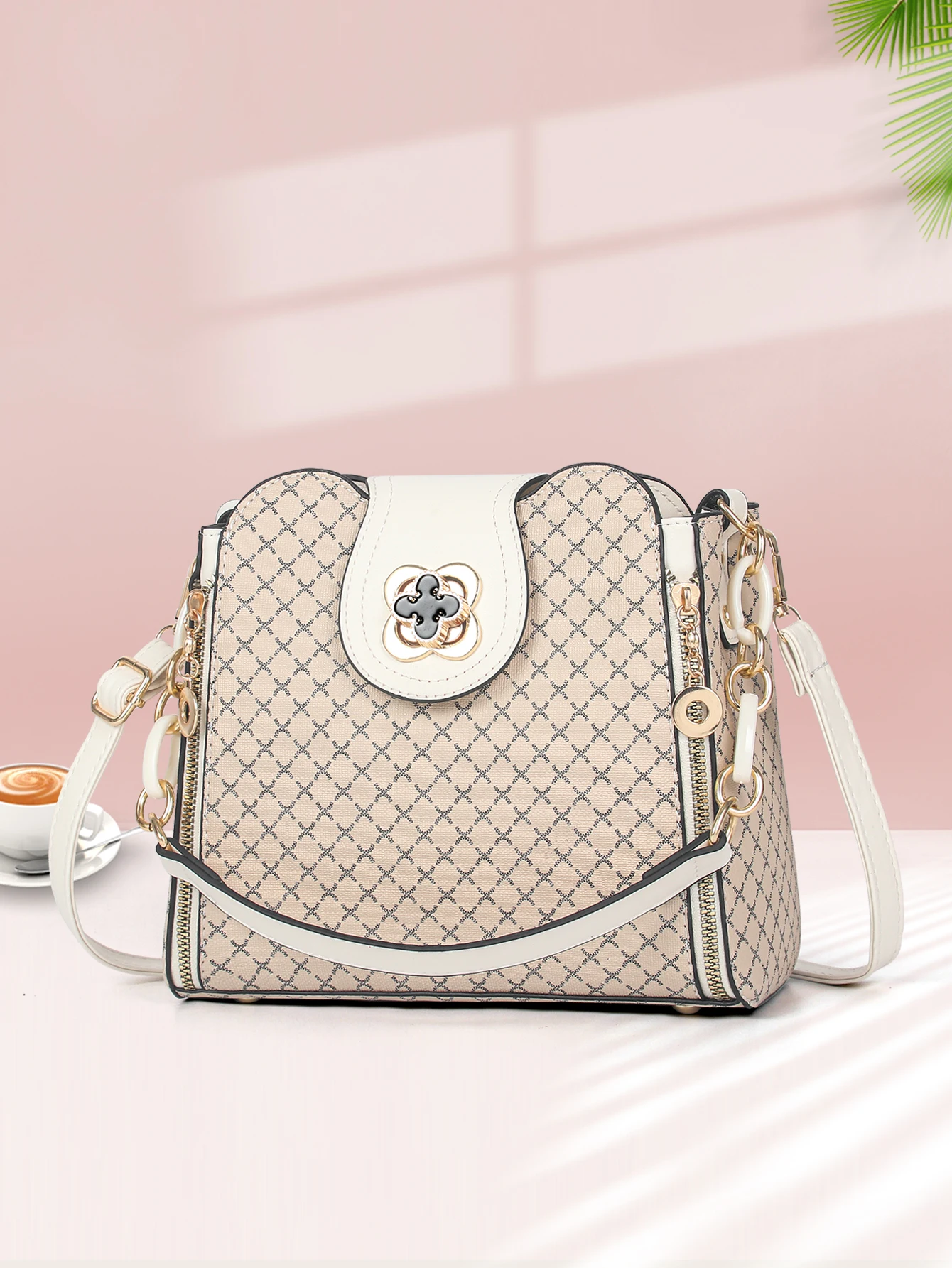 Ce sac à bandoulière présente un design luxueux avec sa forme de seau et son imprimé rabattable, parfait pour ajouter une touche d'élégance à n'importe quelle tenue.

────────────────

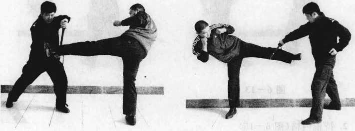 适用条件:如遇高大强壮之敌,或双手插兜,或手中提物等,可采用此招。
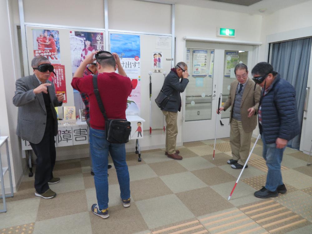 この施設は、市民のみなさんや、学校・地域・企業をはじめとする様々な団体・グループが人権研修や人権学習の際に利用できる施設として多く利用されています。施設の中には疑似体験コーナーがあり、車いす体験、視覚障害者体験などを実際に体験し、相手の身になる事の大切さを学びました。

────────────────

== About this exercise ==
Print, exactly and with no pictures, the lines of the listing above starting at the one that has "适用条件:如遇高大强壮之敌,或双手插兜,或手中提物等,可采用此招。" and ending at the one that has "この施設は、市民のみなさんや", both included.

== Task answer ==
 适用条件:如遇高大强壮之敌,或双手插兜,或手中提物等,可采用此招。
 この施設は、市民のみなさんや、学校・地域・企業をはじめとする様々な団体・グループが人権研修や人権学習の際に利用できる施設として多く利用されています。施設の中には疑似体験コーナーがあり、車いす体験、視覚障害者体験などを実際に体験し、相手の身になる事の大切さを学びました。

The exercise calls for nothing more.